MANCHESTER — Glenn Lewis said he recently was turning onto Old Winthrop Road from busy U.S. Route 202 with his blinker flashing when a woman on Bowdoin Street, the access road to a new medical services building, pulled right out in front of him.

The two drivers were able, barely, to avoid hitting each other, he said.

Lewis worries that other motorists may not be so lucky. The Old Winthrop Road resident fears there could be a tragic, even fatal, accident at the same spot.

He said he knows of at least three other close calls like his. While he is not aware of any accidents at the spot so far, he’s concerned an accident is inevitable.

“It’s a problem that is going to happen; it’s a real traffic hazard,” said Lewis. “I don’t want to see somebody get killed over something foolish.”

The intersection of that end of Old Winthrop Road with U.S. Route 202 and Bowdoin Street forms a triangle, with Bowdoin Street motorists crossing the end of Old Winthrop Road to get onto U.S. Route 202.

The main problem, according to Lewis and Town Manager Patrick Gilbert, occurs when a motorist is waiting to leave Bowdoin Street and pull out onto U.S. 202, and another motorist is on U.S. 202, pulling onto Old Winthrop Road.

Some motorists leaving Bowdoin Street onto U.S. 202 assume when they see a vehicle signaling that it will turn off U.S. 202, that the vehicle is turning onto Bowdoin Street. So they pull out onto U.S. 202.

And if the motorist coming off U.S. 202 is instead going onto Old Winthrop Road, not Bowdoin Street, it could result in a collision.

“They see you signaling and think you’re turning into Bowdoin Street,” Gilbert said. “So if they pull out and you’re going straight (onto Old Winthrop Road) there’s a potential for conflict there.”

The town’s roads committee has discussed the issue and plans to again Jan. 31. Gilbert said the town will work with residents, the developer of the new medical building and the state Department of Transportation to come up with a solution.

“We want to do something to resolve this,” Gilbert said. “It’s going to involve everybody working together.”

Gilbert noted the access road site was approved by the state Department of Transportation and construction of the medical building was approved by the Planning Board.

Douglas Jorgensen, owner of Manchester Osteopathic Healthcare and a partner in the development, said if there is a safety issue, it is with U.S. Route 202 through Manchester in general. The access road serves his business, as well as a family practice, lab and other medical services located in the same building.

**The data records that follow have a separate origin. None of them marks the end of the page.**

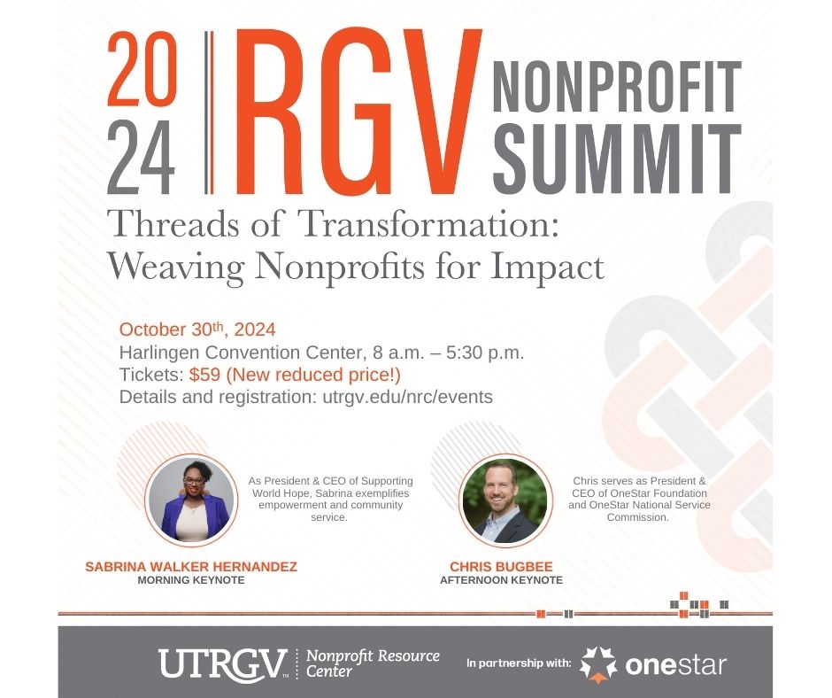 The 2024 RGV Nonprofit Summit, co-hosted by the UTRGV Nonprofit Resource Center and OneStar, will facilitate learning, foster networking, and encourage collaboration within the nonprofit sector in the Rio Grande Valley. Our conference theme, Threads of Transformation: Weaving Nonprofits for Impact, aims to equip attendees with capacity-building strategies and foster meaningful partnerships within the RGV nonprofit community.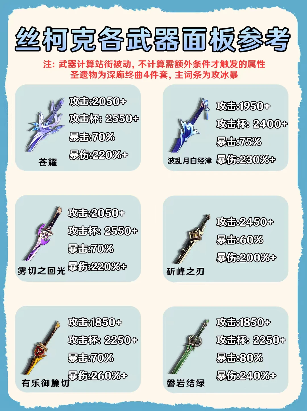 原神丝柯克不同武器面板参考攻略!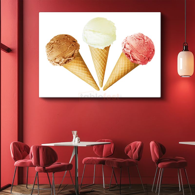 Renkli Dondurma Külahları - Üç Farklı Lezzet Kanvas Tablo

He said visibility from Bowdoin Street is good. And while he acknowledged it can, during busy times of the day, take some waiting for drivers to pull out of the street onto U.S. Route 202, the same could be said for other side roads where they intersect with U.S. Route 202. Also, he said, people drive too fast on U.S. Route 202, and some tailgate, putting others at risk.

Some 25,000 cars pass through the area daily, according to transportation data. “It’s a larger issue with Route 202 itself being dangerous, rather than just here,” Jorgensen said. “I think (the road through Manchester) does need to be addressed.”

He said the transportation department for many years has recommended a reconstruction of U.S. Route 202 through Manchester, but the project has never gotten funding.

Construction of the new medical center last year involved the creation, by the developer, of Bowdoin Street. For now it’s a private drive, but Gilbert anticipates a proposal to accept the street as a town road will go to voters at the annual town meeting in June.

Old Winthrop Road is less than a half-mile-long and has intersections with U.S. Route 202 on both ends.

Gilbert said town officials floated the idea of closing the end of the road by Bowdoin Street but said Old Winthrop Road residents “were pretty clear that’s not their first choice.”

Lewis said he is opposed to closing the end of Old Winthrop Road by Bowdoin Street.

“This road has been here a long time — it was here first,” Lewis said. “We didn’t create the problem. It wasn’t a problem until the medical office went in there.”

Gilbert said the town’s roads committee will work with a traffic engineer, residents and state transportation officials to come up with a recommendation to selectmen on how to improve the situation.

Lewis said a potential solution he favors, at least for the short term, would be to require all traffic coming out of the medical building’s road to turn onto Old Winthrop Road and travel down to its other, lower intersection with U.S. 202, instead of driving directly onto U.S. Route 202,

Longer-term plans for the property owned by Jorgensen and his partners include additional buildings on the site. Residents at the annual town meeting approved a tax break to help the project in an effort to spur economic development in town.

Jorgensen, who has had a practice in Manchester for 12 years, said he and town officials hope the proposed business park could help reduce the tax burden on residents by expanding the tax base to include more businesses.

Lewis said most of his neighbors seem resigned to the fact that U.S. Route 202 is becoming more commercial. He said while he is not against progress, people who want to continue living in their current homes should be able to do so safely.